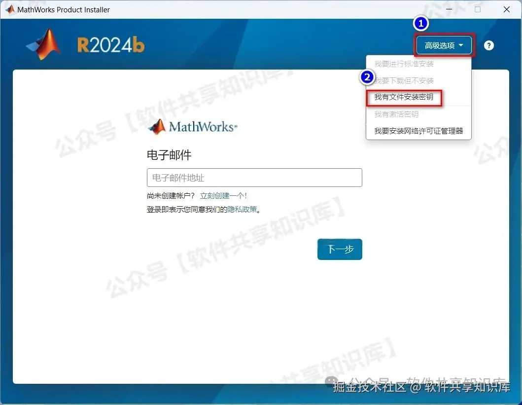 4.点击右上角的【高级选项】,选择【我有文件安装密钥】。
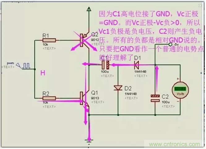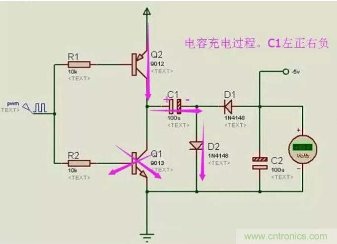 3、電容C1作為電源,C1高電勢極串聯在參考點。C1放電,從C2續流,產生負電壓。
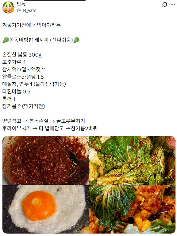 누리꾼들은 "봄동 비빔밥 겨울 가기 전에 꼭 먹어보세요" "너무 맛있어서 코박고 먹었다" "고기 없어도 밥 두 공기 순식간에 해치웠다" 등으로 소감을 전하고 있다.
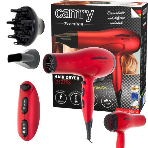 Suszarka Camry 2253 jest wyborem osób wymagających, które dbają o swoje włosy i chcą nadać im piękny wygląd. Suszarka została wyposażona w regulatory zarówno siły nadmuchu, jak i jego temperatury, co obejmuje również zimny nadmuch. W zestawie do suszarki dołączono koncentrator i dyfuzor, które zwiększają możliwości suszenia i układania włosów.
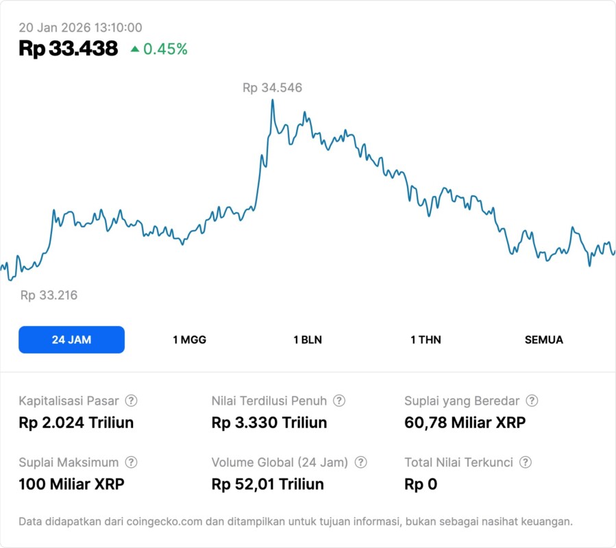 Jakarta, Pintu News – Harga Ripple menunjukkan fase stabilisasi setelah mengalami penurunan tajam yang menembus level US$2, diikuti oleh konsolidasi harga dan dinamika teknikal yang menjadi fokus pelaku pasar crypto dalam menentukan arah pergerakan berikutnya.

Work item:
Everything in the material above must be repeated exactly, apart from its pictures.

Answer to this exercise:
 4.点击右上角的【高级选项】,选择【我有文件安装密钥】。
 3、電容C1作為電源,C1高電勢極串聯在參考點。C1放電,從C2續流,產生負電壓。
 누리꾼들은 "봄동 비빔밥 겨울 가기 전에 꼭 먹어보세요" "너무 맛있어서 코박고 먹었다" "고기 없어도 밥 두 공기 순식간에 해치웠다" 등으로 소감을 전하고 있다.
 Suszarka Camry 2253 jest wyborem osób wymagających, które dbają o swoje włosy i chcą nadać im piękny wygląd. Suszarka została wyposażona w regulatory zarówno siły nadmuchu, jak i jego temperatury, co obejmuje również zimny nadmuch. W zestawie do suszarki dołączono koncentrator i dyfuzor, które zwiększają możliwości suszenia i układania włosów.
 Jakarta, Pintu News – Harga Ripple menunjukkan fase stabilisasi setelah mengalami penurunan tajam yang menembus level US$2, diikuti oleh konsolidasi harga dan dinamika teknikal yang menjadi fokus pelaku pasar crypto dalam menentukan arah pergerakan berikutnya.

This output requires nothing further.